**What is being asked**
A faithful copy of the entries, without any pictures, is what is needed here.

**Exercise data**
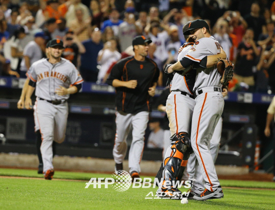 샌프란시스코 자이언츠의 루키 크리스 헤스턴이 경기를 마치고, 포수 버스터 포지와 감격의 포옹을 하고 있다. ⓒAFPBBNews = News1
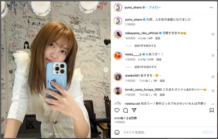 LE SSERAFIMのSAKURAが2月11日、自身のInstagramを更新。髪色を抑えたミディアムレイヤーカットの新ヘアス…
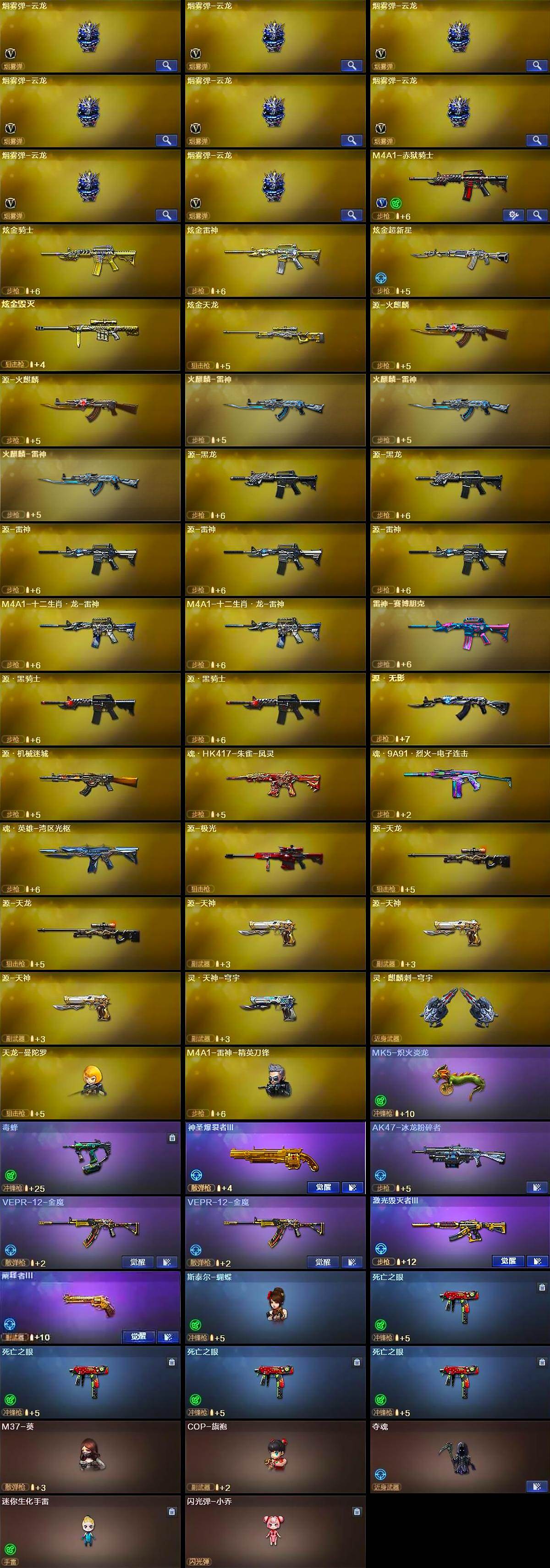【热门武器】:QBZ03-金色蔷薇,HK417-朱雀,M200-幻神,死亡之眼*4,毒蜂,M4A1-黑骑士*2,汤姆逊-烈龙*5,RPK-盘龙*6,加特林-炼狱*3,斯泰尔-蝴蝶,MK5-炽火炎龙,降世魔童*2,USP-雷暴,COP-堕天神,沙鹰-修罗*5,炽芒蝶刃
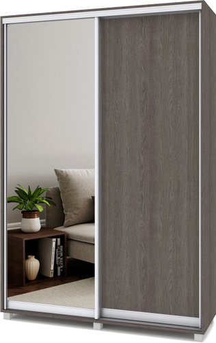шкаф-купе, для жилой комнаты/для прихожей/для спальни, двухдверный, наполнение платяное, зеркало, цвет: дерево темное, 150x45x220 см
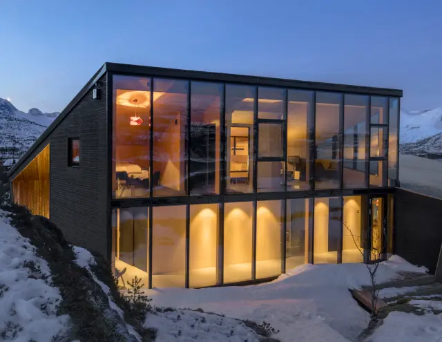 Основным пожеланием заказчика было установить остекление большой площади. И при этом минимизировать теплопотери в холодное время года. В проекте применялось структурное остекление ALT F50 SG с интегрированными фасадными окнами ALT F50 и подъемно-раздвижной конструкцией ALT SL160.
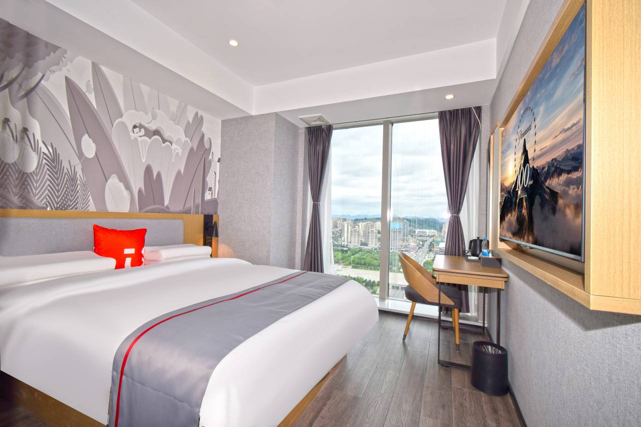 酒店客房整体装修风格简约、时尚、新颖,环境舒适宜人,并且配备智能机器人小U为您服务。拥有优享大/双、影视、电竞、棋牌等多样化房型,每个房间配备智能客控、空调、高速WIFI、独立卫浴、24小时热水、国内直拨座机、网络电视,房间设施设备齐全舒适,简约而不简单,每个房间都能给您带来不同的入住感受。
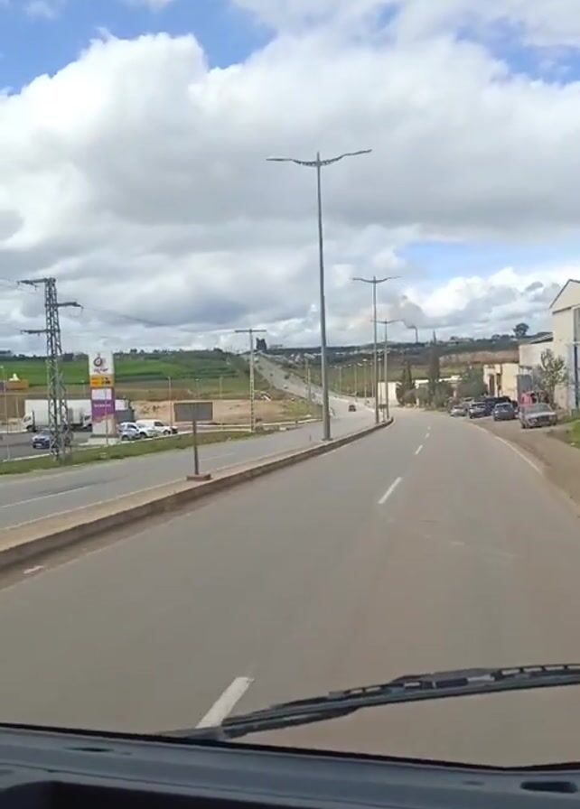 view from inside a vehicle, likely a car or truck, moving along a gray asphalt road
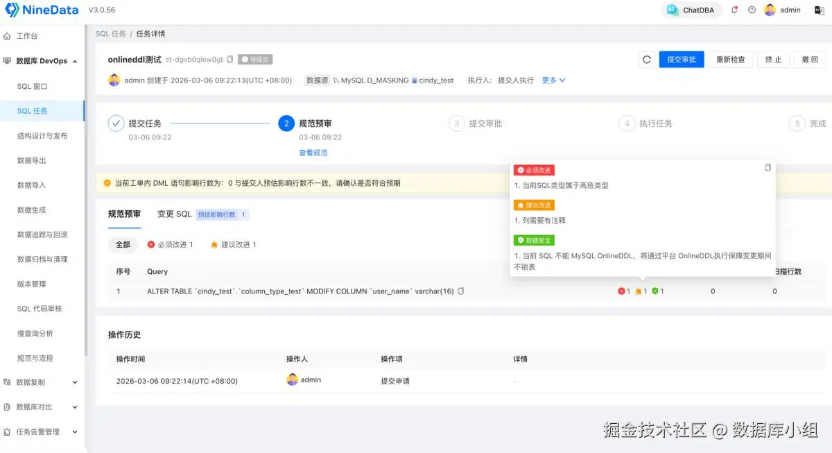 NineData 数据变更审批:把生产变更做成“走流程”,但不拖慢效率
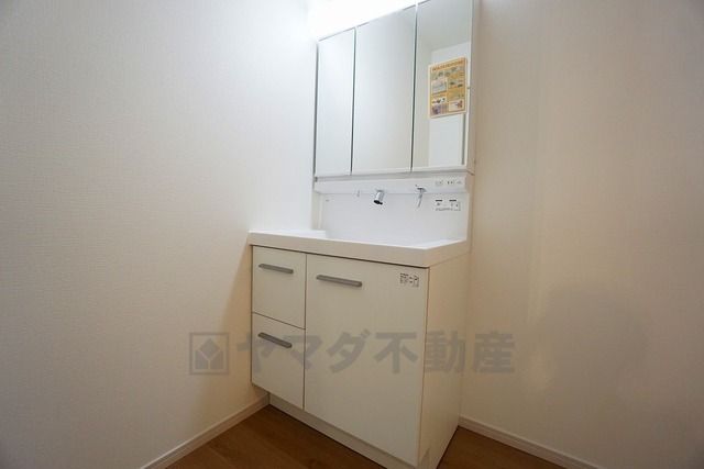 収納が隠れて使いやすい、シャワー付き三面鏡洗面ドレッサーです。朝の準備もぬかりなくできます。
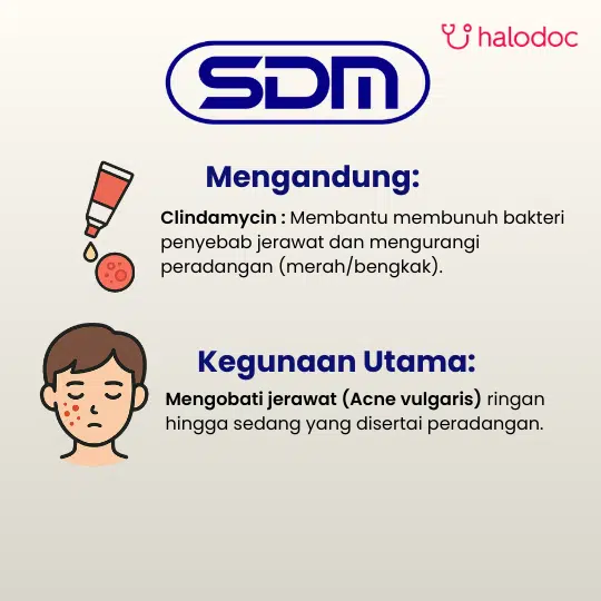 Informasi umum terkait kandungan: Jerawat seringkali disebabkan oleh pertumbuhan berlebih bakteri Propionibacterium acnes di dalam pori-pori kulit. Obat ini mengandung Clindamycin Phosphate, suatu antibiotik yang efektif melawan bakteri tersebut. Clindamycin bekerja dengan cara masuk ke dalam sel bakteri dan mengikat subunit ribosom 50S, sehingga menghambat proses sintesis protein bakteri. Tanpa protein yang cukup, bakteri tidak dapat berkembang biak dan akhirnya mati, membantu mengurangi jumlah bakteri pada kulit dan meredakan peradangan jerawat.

**Answer area**
 샌프란시스코 자이언츠의 루키 크리스 헤스턴이 경기를 마치고, 포수 버스터 포지와 감격의 포옹을 하고 있다. ⓒAFPBBNews = News1
 LE SSERAFIMのSAKURAが2月11日、自身のInstagramを更新。髪色を抑えたミディアムレイヤーカットの新ヘアス…
【热门武器】:QBZ03-金色蔷薇,HK417-朱雀,M200-幻神,死亡之眼*4,毒蜂,M4A1-黑骑士*2,汤姆逊-烈龙*5,RPK-盘龙*6,加特林-炼狱*3,斯泰尔-蝴蝶,MK5-炽火炎龙,降世魔童*2,USP-雷暴,COP-堕天神,沙鹰-修罗*5,炽芒蝶刃
шкаф-купе, для жилой комнаты/для прихожей/для спальни, двухдверный, наполнение платяное, зеркало, цвет: дерево темное, 150x45x220 см
 Основным пожеланием заказчика было установить остекление большой площади. И при этом минимизировать теплопотери в холодное время года. В проекте применялось структурное остекление ALT F50 SG с интегрированными фасадными окнами ALT F50 и подъемно-раздвижной конструкцией ALT SL160.
 酒店客房整体装修风格简约、时尚、新颖,环境舒适宜人,并且配备智能机器人小U为您服务。拥有优享大/双、影视、电竞、棋牌等多样化房型,每个房间配备智能客控、空调、高速WIFI、独立卫浴、24小时热水、国内直拨座机、网络电视,房间设施设备齐全舒适,简约而不简单,每个房间都能给您带来不同的入住感受。
 view from inside a vehicle, likely a car or truck, moving along a gray asphalt road
 NineData 数据变更审批:把生产变更做成“走流程”,但不拖慢效率
 収納が隠れて使いやすい、シャワー付き三面鏡洗面ドレッサーです。朝の準備もぬかりなくできます。
 Informasi umum terkait kandungan: Jerawat seringkali disebabkan oleh pertumbuhan berlebih bakteri Propionibacterium acnes di dalam pori-pori kulit. Obat ini mengandung Clindamycin Phosphate, suatu antibiotik yang efektif melawan bakteri tersebut. Clindamycin bekerja dengan cara masuk ke dalam sel bakteri dan mengikat subunit ribosom 50S, sehingga menghambat proses sintesis protein bakteri. Tanpa protein yang cukup, bakteri tidak dapat berkembang biak dan akhirnya mati, membantu mengurangi jumlah bakteri pada kulit dan meredakan peradangan jerawat.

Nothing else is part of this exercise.